• _Task directions_: Copy each line of the data below exactly, leaving out pictures.

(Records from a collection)
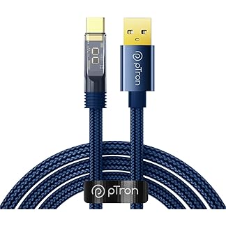 pTron Solero 65W USB to Type-C Super Fast Charging USB Cable Compatible with Samsung,OnePlus,Oppo,Vivo,Xiaomi,Realme & Other Type-C Devices, Unbreakable Nylon Braid, 480Mbps Data Sync Speed (1M,Blue)
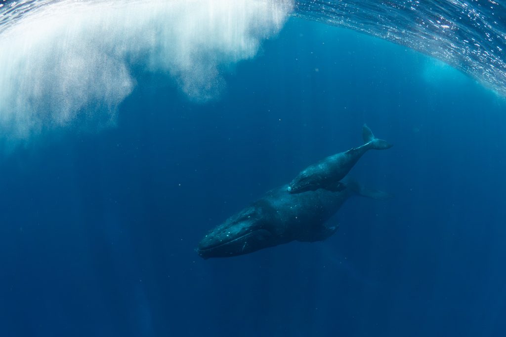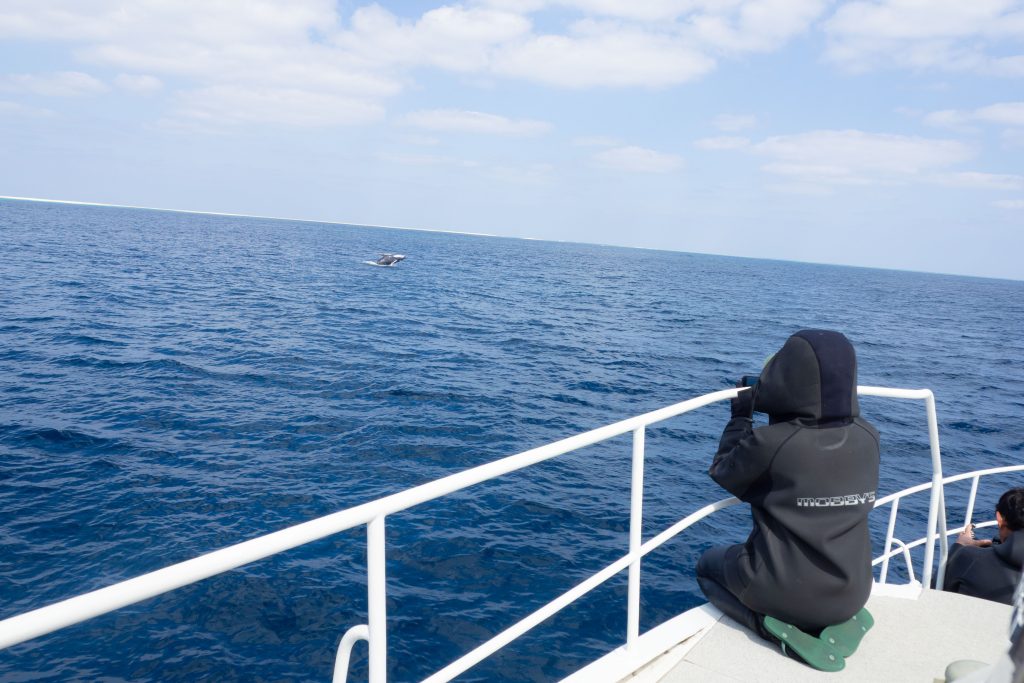 今日は出港後少しして島の近くで親子クジラを発見!
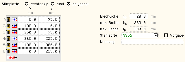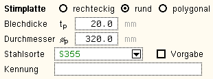 im Stahlquerschnitt benötigten Parameter werden
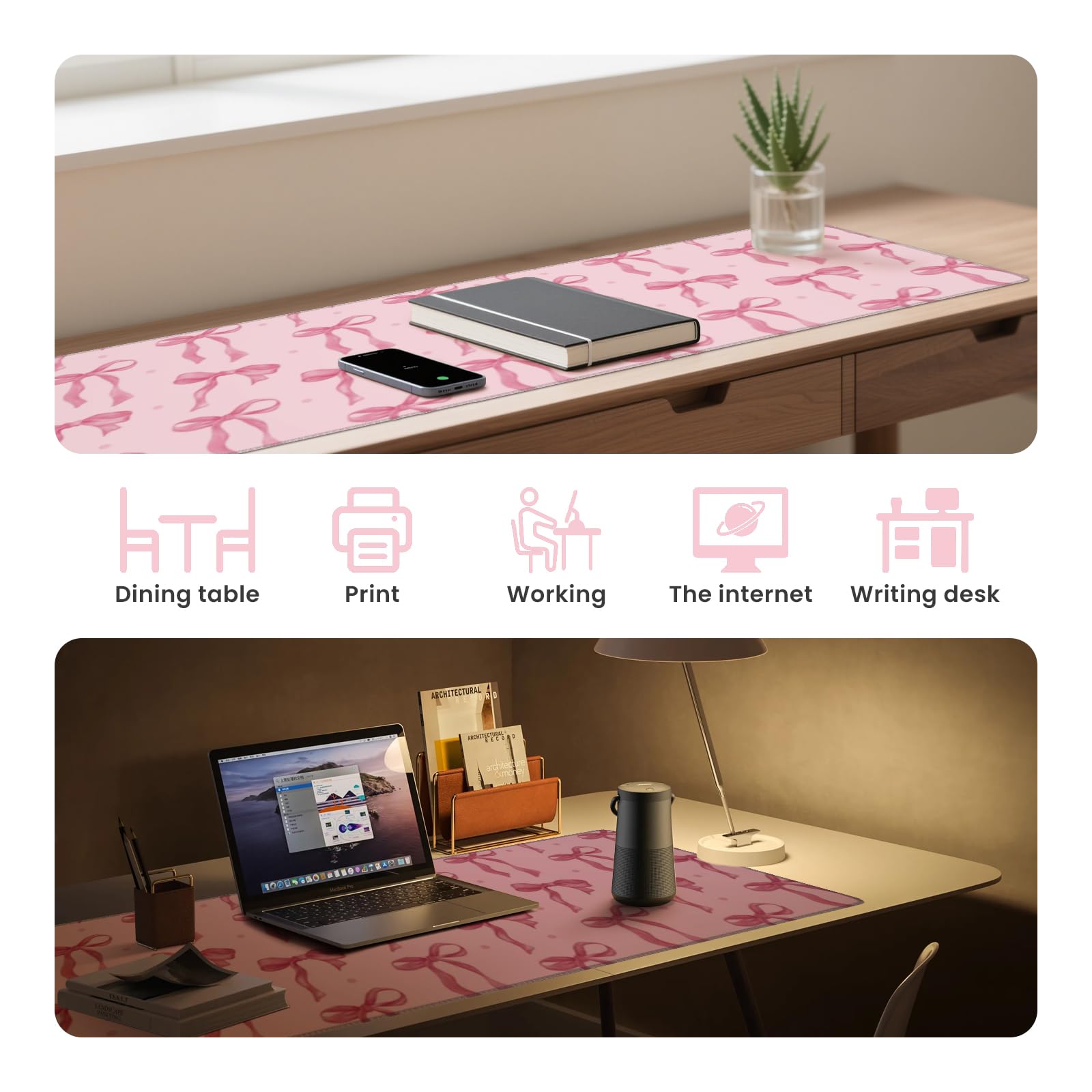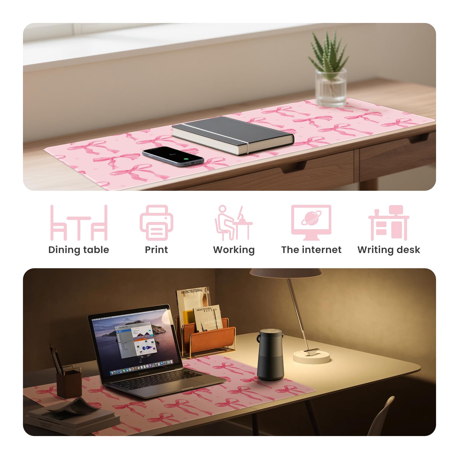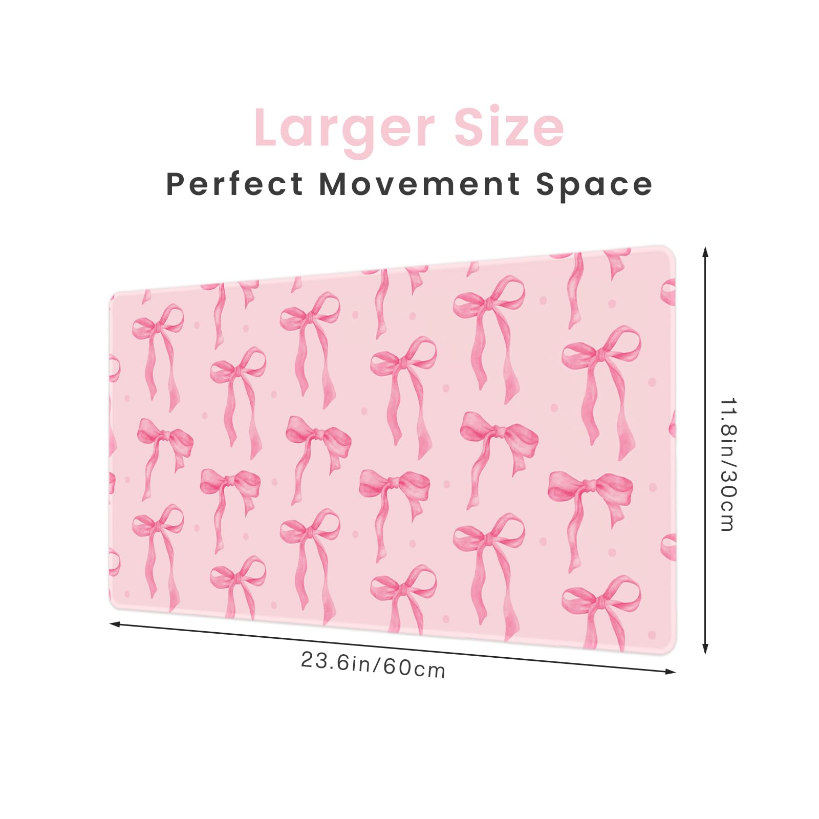Pink Desk Mat, Bow Keyboard and Mouse Pad Computer Non-Slip Rubber...
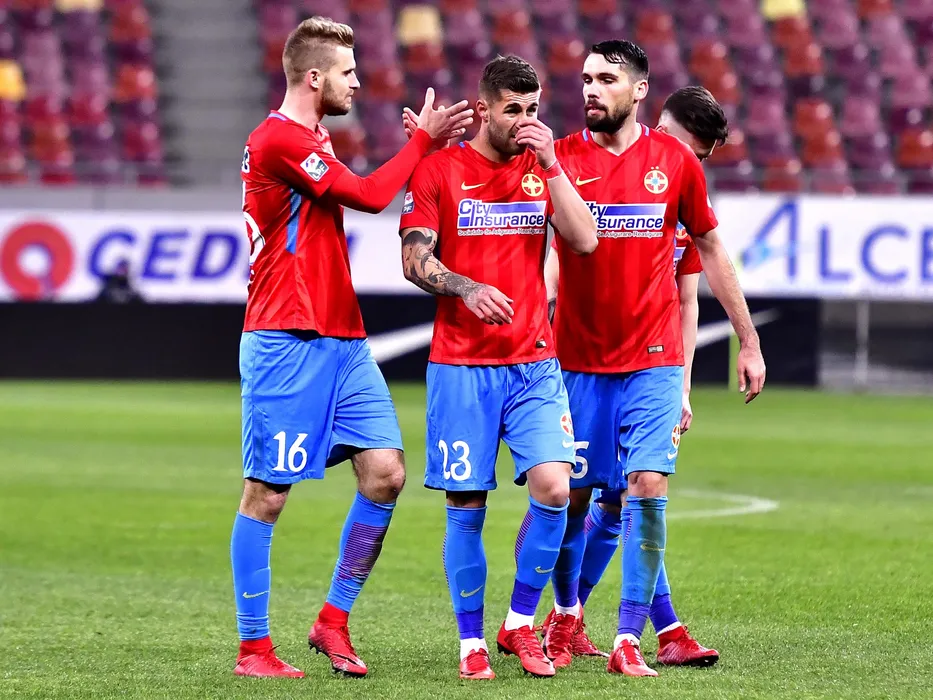 Fotbalistii Stelei Bogdan Planic,Ovidiu Popescu,Valerica Gaman si Dennis Man parasesc terenul dupa meciul de fotbal dintre FC Steaua Bucuresti si CFR Cluj, din cadrul Ligii 1 Betano, desfasurat pe Arena Nationala din Bucuresti, sambata 10 februarie 2018. © FOTO Razvan Pasarica/SPORT PICTURES

• _Finished task_:
 pTron Solero 65W USB to Type-C Super Fast Charging USB Cable Compatible with Samsung,OnePlus,Oppo,Vivo,Xiaomi,Realme & Other Type-C Devices, Unbreakable Nylon Braid, 480Mbps Data Sync Speed (1M,Blue)
 今日は出港後少しして島の近くで親子クジラを発見!
 im Stahlquerschnitt benötigten Parameter werden
Pink Desk Mat, Bow Keyboard and Mouse Pad Computer Non-Slip Rubber...
 Fotbalistii Stelei Bogdan Planic,Ovidiu Popescu,Valerica Gaman si Dennis Man parasesc terenul dupa meciul de fotbal dintre FC Steaua Bucuresti si CFR Cluj, din cadrul Ligii 1 Betano, desfasurat pe Arena Nationala din Bucuresti, sambata 10 februarie 2018. © FOTO Razvan Pasarica/SPORT PICTURES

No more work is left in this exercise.